Strictly necessary cookies. For core functions/security (e.g., cart, session, CSRF, consent storage) under Art. 6(1)(f) or (b) GDPR.

11. Online Services / SaaS (“as is”)

We may provide SaaS/software. We process only data necessary for account, operation, security, and support (Art. 6(1)(b)/(f); possibly (a) for optional features). Separate/additional Terms apply (prevail in case of conflict). For B2B processing on your behalf, we enter into an Art. 28 GDPR DPA.

12. Server Logs & Security

Server logs (IP, time stamp, URL, referrer, user-agent) are processed for IT security, abuse prevention, error analysis under Art. 6(1)(f) GDPR, and are deleted/anonymised typically after 7–30 days.

13. Newsletter & Direct Marketing

Newsletter only via double opt-in (Art. 6(1)(a) GDPR). Unsubscribe at any time via link or e-mail. Existing customers: e-mail marketing for similar products per § 7(3) UWG (Art. 6(1)(f) GDPR); you can object at any time.
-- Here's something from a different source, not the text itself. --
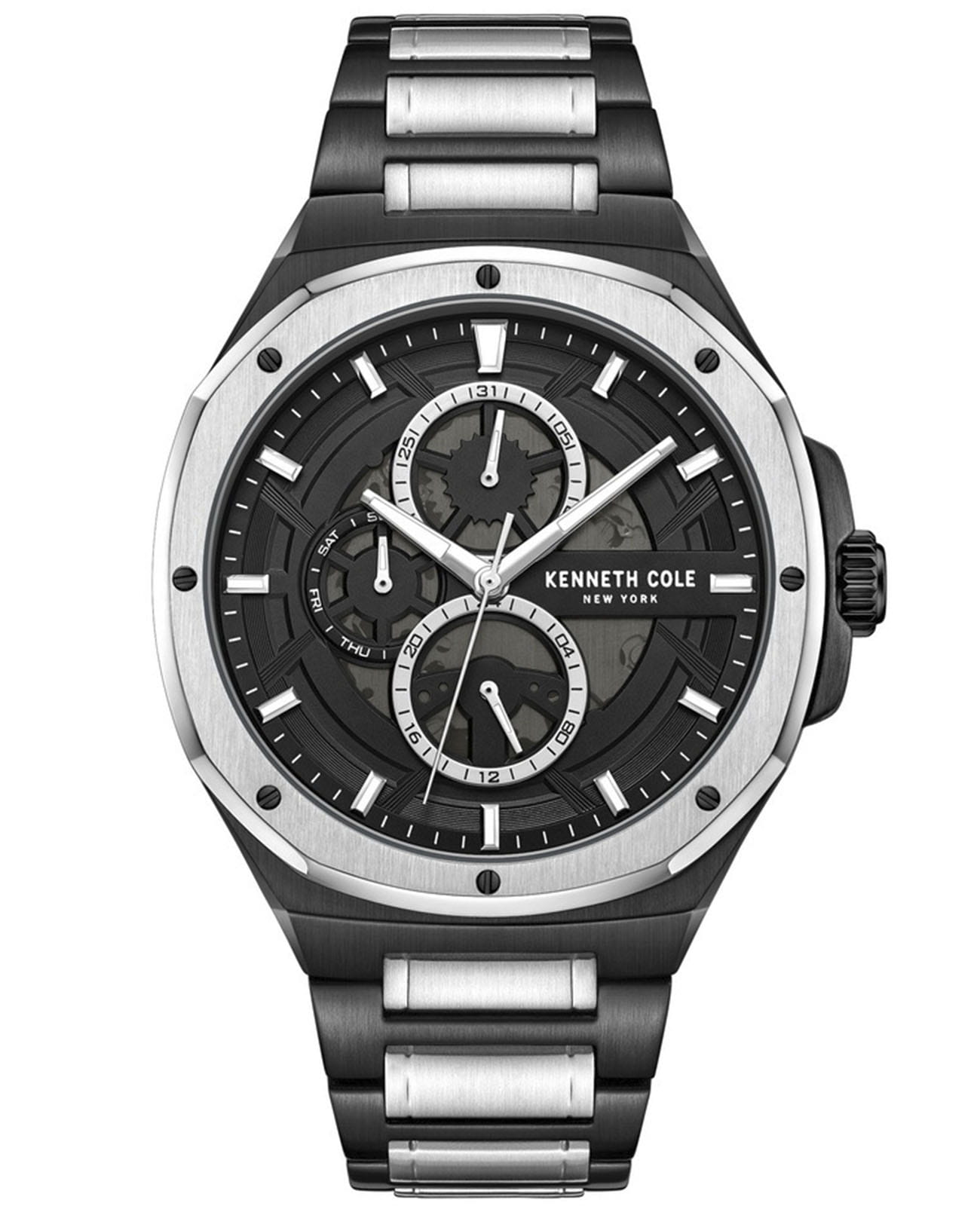 Мужские кварцевые часы Kenneth Cole KCWGK0047203 из коллекции Dress Sport — это стильный и функциональный аксессуар с современным дизайном. Корпус размером 43 мм выполнен из нержавеющей стали 316L с IP-покрытиемIP-покрытиеМетод ионного напыления. Демонстрирует повышенную устойчивость к истиранию, окислению и химическим веществам. Под воздействием высокого давления и температуры около 1500°C молекулы металла надёжно соединяются с частицами корпуса часов.. Циферблат чёрного цвета оформлен метками в виде штрихов и дополнен функцией индикацией даты и 12/24-часовым форматом времени. Стрелки и метки оснащены люминесцентным покрытиемЛюминесцентное покрытиеПозволяет считывать показания времени в темноте. Производители наносят на стрелки, часовые индексы, безель или поверхность циферблата светонакопительный состав, дающий холодное свечение., обеспечивающим хорошую читаемость в темноте. Циферблат защищён минеральным стекломМинеральное стеклоМинеральное стекло представляет собой искусственно выращенный минерал кварца. Такое стекло отличается особой устойчивостью к повреждениям и царапинам. Уступает по некоторым качествам сапфировому стеклу.. Часы оснащены Браслетом из нержавеющей стали с IP-покрытиемIP-покрытиеМетод ионного напыления. Демонстрирует повышенную устойчивость к истиранию, окислению и химическим веществам. Под воздействием высокого давления и температуры около 1500°C молекулы металла надёжно соединяются с частицами корпуса часов. на раскладной застёжкеРаскладная застёжкаТакой тип застёжки используется только на браслетах из металла. Она никогда не раскрывается полностью, происходит разделение на 2 и более частей. Раскладывающая застёжка снизит вероятность потери часов к минимуму.. Водонепроницаемость 50 м позволяет использовать часы для повседневного ношения. Надёжный выбор для тех, кто ценит современный стиль и практичность.

14. Social Media (Links, not auto-plugins)

We may link to Instagram/Meta, LinkedIn, X (formerly Twitter), YouTube. No data is transmitted to these providers unless you click the link. Any third-party tracking on our site occurs only with your consent.

15. Retention & Deletion

Contract/tax data: typically 6–10 years; communications: until the case is closed; personalisation media: until fulfilment + reasonable buffer (e.g., for rework), then deletion/anonymisation; portfolio media only with consent until withdrawal; cookies/IDs per their lifetimes and your consent settings.

16. Obligation to Provide Data

Certain data is required for contract fulfilment; without it, we cannot provide services. Optional features (newsletter, optional cookies) are not mandatory.

17. Your Rights

You have rights of access, rectification, erasure, restriction, data portability, objection (esp. to direct marketing), and withdrawal of consent. You may lodge a complaint with a supervisory authority, e.g., LDI NRW, Germany. Contact us at [email protected]. We respond within statutory deadlines.

18. Future Hardware (ElectroG/WEEE/BattG – privacy aspect)

If we introduce electrical/electronic products (e.g., a sensor-equipped bottle holder), we will provide separate ElectroG/WEEE/BattG notices. For returns/service we may process contact/device data under Art. 6(1)(b)/(c)/(f) GDPR.

19. Updates

We will update this policy when laws, services, or processes change. The current version is available at replitoy.com/privacy.